→ Directions:
Repeat the listing exactly. Any picture in it should be left out of the copy.

→ Given material:
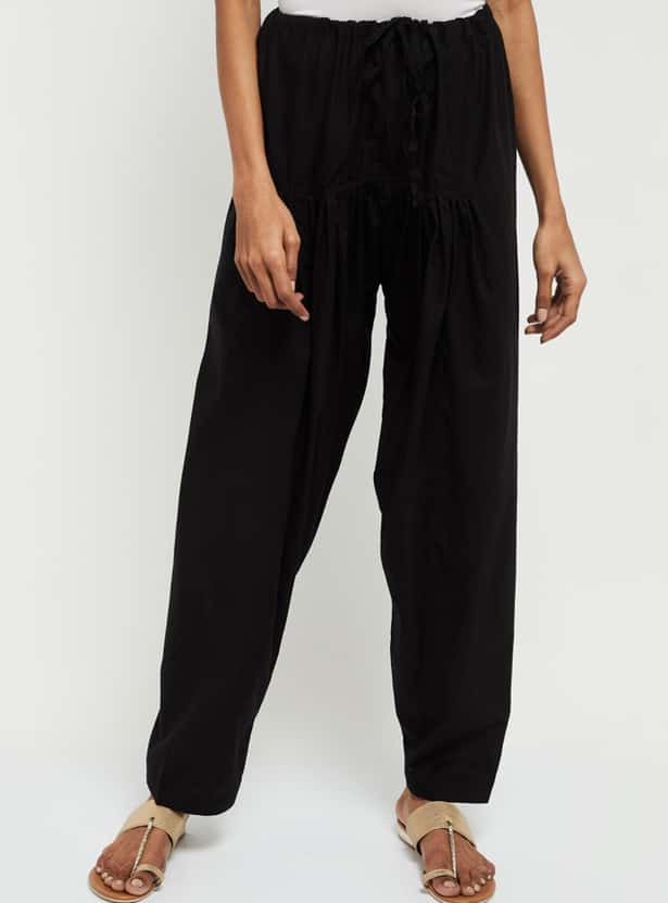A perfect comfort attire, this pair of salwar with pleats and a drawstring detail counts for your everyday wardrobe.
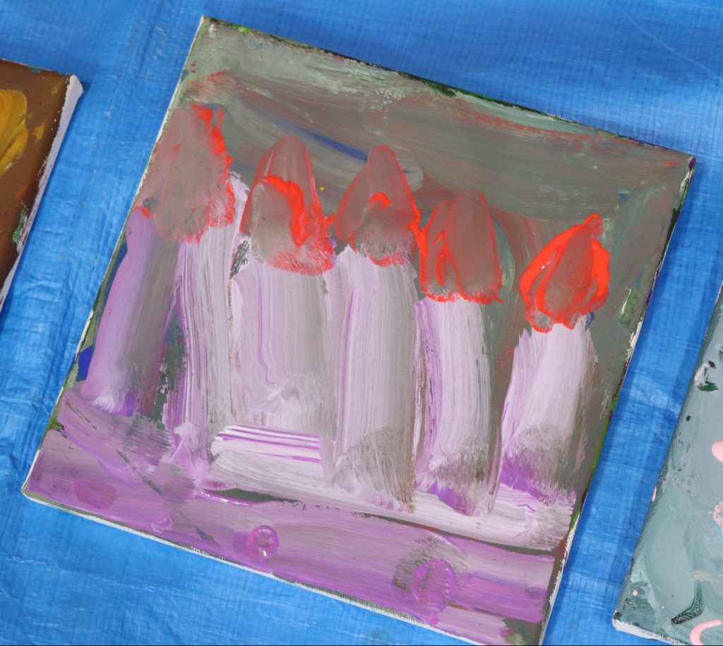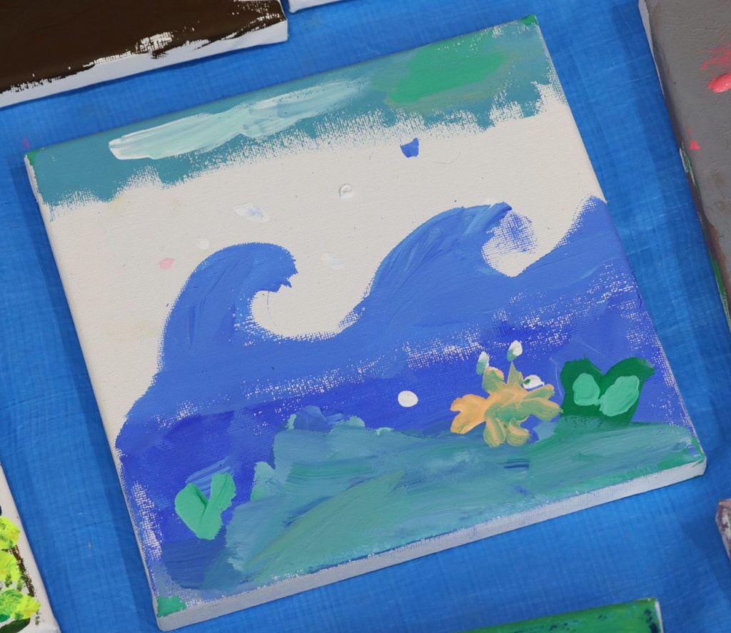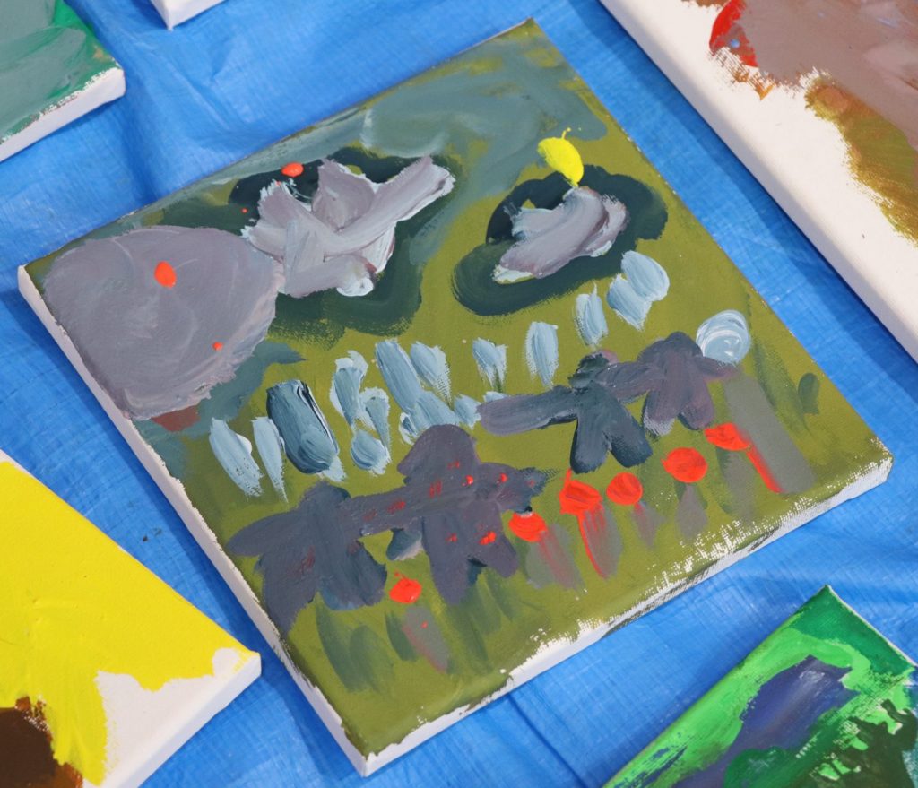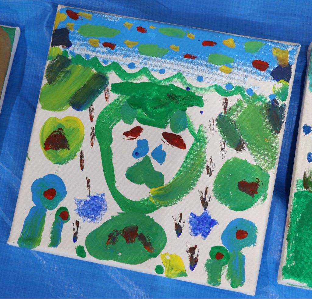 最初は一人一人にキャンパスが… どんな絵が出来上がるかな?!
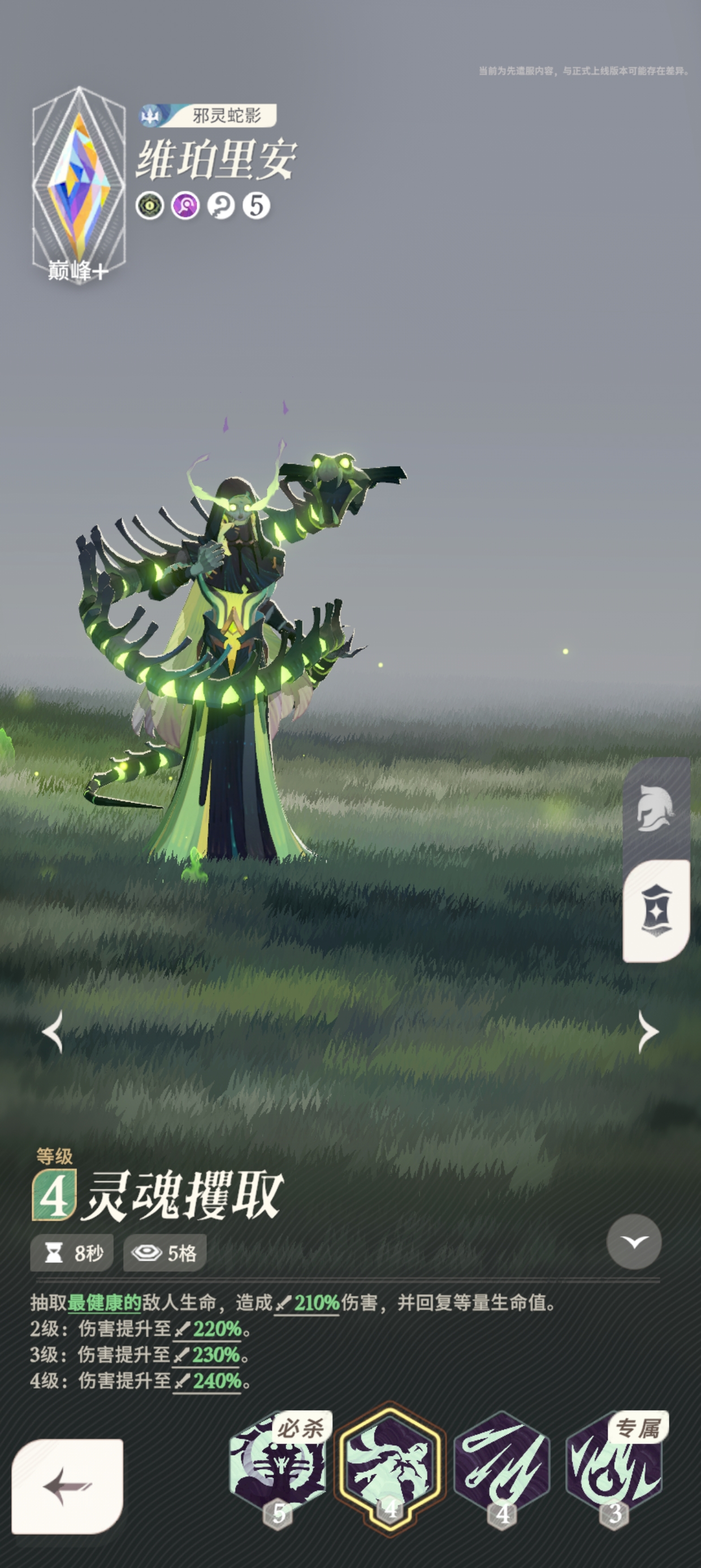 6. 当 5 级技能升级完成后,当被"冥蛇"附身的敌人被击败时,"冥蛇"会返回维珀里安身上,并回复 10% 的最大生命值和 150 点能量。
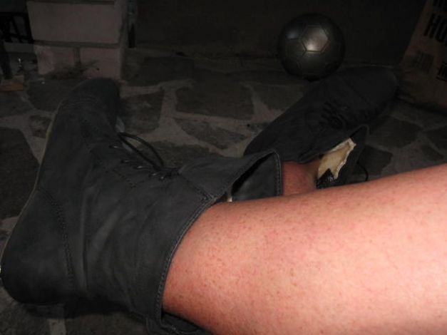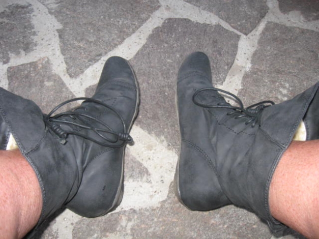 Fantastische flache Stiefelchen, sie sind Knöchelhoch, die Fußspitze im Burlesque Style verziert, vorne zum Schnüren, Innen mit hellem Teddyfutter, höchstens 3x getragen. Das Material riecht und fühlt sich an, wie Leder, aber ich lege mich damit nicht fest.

→ Answer area:
A perfect comfort attire, this pair of salwar with pleats and a drawstring detail counts for your everyday wardrobe.
 最初は一人一人にキャンパスが… どんな絵が出来上がるかな?!
 6. 当 5 级技能升级完成后,当被"冥蛇"附身的敌人被击败时,"冥蛇"会返回维珀里安身上,并回复 10% 的最大生命值和 150 点能量。
 Fantastische flache Stiefelchen, sie sind Knöchelhoch, die Fußspitze im Burlesque Style verziert, vorne zum Schnüren, Innen mit hellem Teddyfutter, höchstens 3x getragen. Das Material riecht und fühlt sich an, wie Leder, aber ich lege mich damit nicht fest.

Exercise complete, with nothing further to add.